Japan is blessed with an abundance of fish — drawn from the deep ocean to the coastal shores, lakes, rivers and streams. Making yourself familiar with the many kanji for different species of fish helps you get by when you run into all this slippery fare at a local restaurant, sushi counter or supermarket. Fish names, as they are spoken, existed before the introduction of kanji to Japan (beginning from the middle of the sixth century). The kanji names were chosen based on the characteristics of the fish — its appearance, how it swims, where it is found or when it is harvested — and bear no relation to the spoken form — for which the meaning has long been lost.

As for the kanji, let’s start with the one for fish (魚, sakana), which looks a bit like one of our finned friends standing on its tail. This kanji often forms the first half of a particular fish name. Sometimes different kanji can be used to describe the same fish. Hirame (Bastard halibut), for example, can be written as both 鮃 and 平目. The fish takes this kanji because it is flat (平, taira).

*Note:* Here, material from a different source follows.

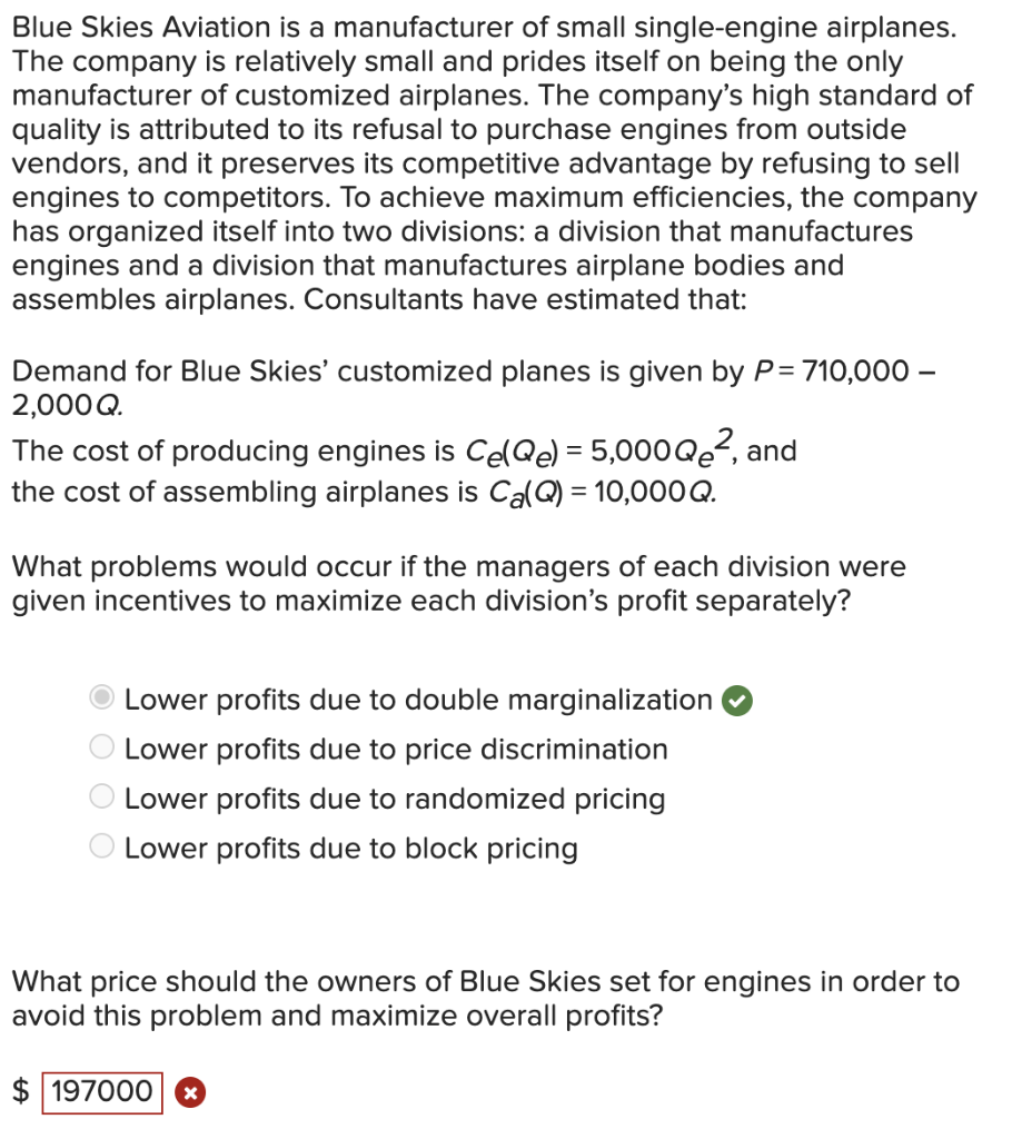 Solved Blue Skies Aviation is a manufacturer of small | Chegg.com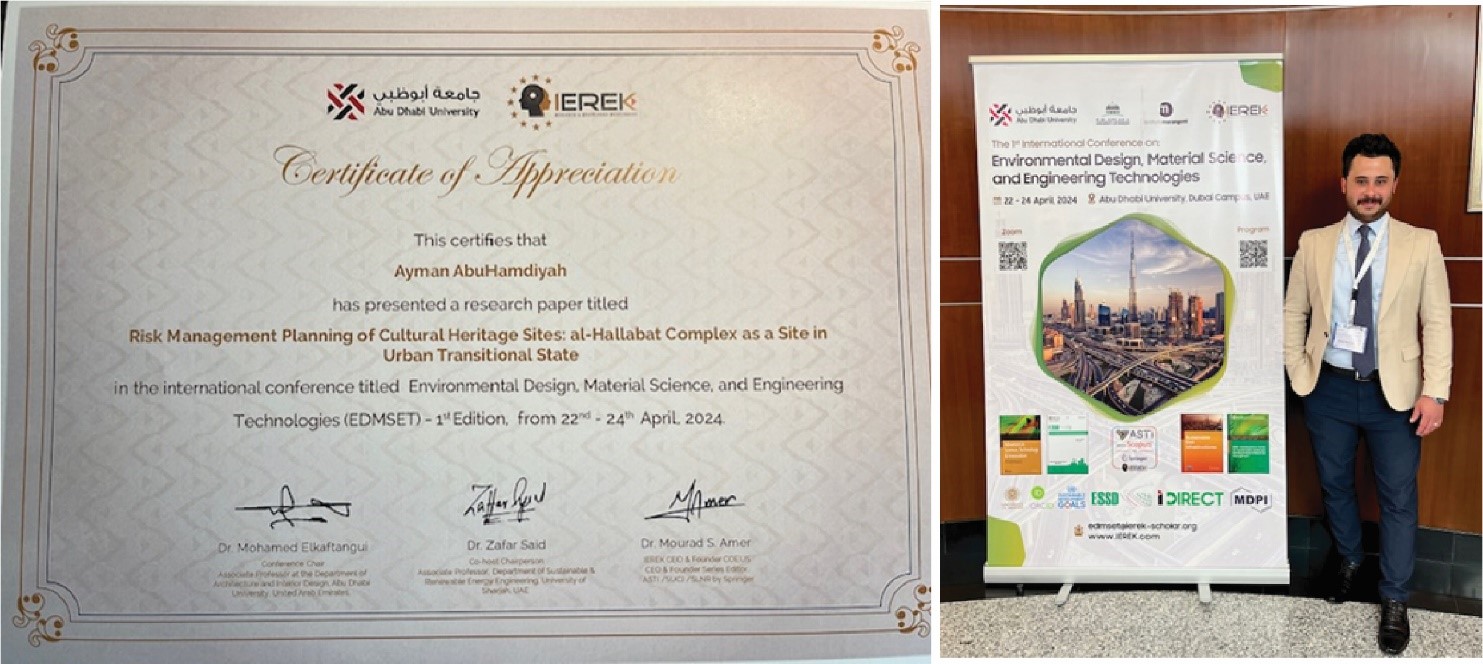 شارك المهندس أيمن أبو حمدية عضو الهيئة التدريسية في قسم هندسة العمارة في كلية العمارة والتصميم / جامعة عمان الأهلية، في المؤتمر الدولي الذي أنعقد في جامعة أبو ظبي، بدولة الإمارات العربية المتحدة بعنوان: Environmental Design, Material Science, and Engineering Technology، وذلك يومي 22-24 /4/ 2024 وجاءت المشاركة عبارة عن ورقة بحثية موسومة بعنوان: Cultural Heritage Sites: al-Hallabat Complex as a Site in Urban Transitional State وسوف يتم نشر هذه الورقة البحثية في كتاب بعنوان: Advances in Science, Technology & Innovation، يُدرج في قاعدة البيانات العالمية سكوبس. وتأتي هذه المشاركة في إطار سياسة الانفتاح التي تنتهجها الكلية والجامعة على المؤسسات الأكاديمية على المستوى الإقليمي والدولي، وتعزيز الشراكات العلمية التطبيقية في مجالات الهندسة المعمارية، بما يتماشى مع رؤية الجامعة وسياستها وقيمها الجوهرية.

Next, let’s look at fish named after the seasons:

Konoshiro (鮗, gizzard shad), is written with the kanji for fish and winter (冬, fuyu). These fish are certainly best eaten in the cold days of winter. It is favored for sushi when it is younger and tender, when it is called kohada (小鰭, young gizzard shad).

The word for sawara (鰆, Japanese Spanish mackerel) also begins with 魚 and is combined with the kanji for spring (春, haru). This fish is in season in the spring.

Sanma (秋刀魚, Pacific saury) is the king of autumn’s harvest. This fish is silvery and shaped like a sword, so it is written with the kanji for a sword (刀, katana) between the kanji for autumn (秋, aki) and fish. There is another kanji for sanma (鰶). In the fall, when the first shin (new) sanma arrive at Tsukiji Fish Market in Tokyo, festival-like excitement fills the air, hence the kanji for festival (祭り, matsuri) in shin sanma (鰶).

The kanji names for some fish have to do with their color:

Saba (鯖, blue mackerel) have backs that can be a brilliant blue (青, ao) color.

Tiny shirauo (鮊, whitebait) are translucent when alive, but they turn white (白, shiro) when dead.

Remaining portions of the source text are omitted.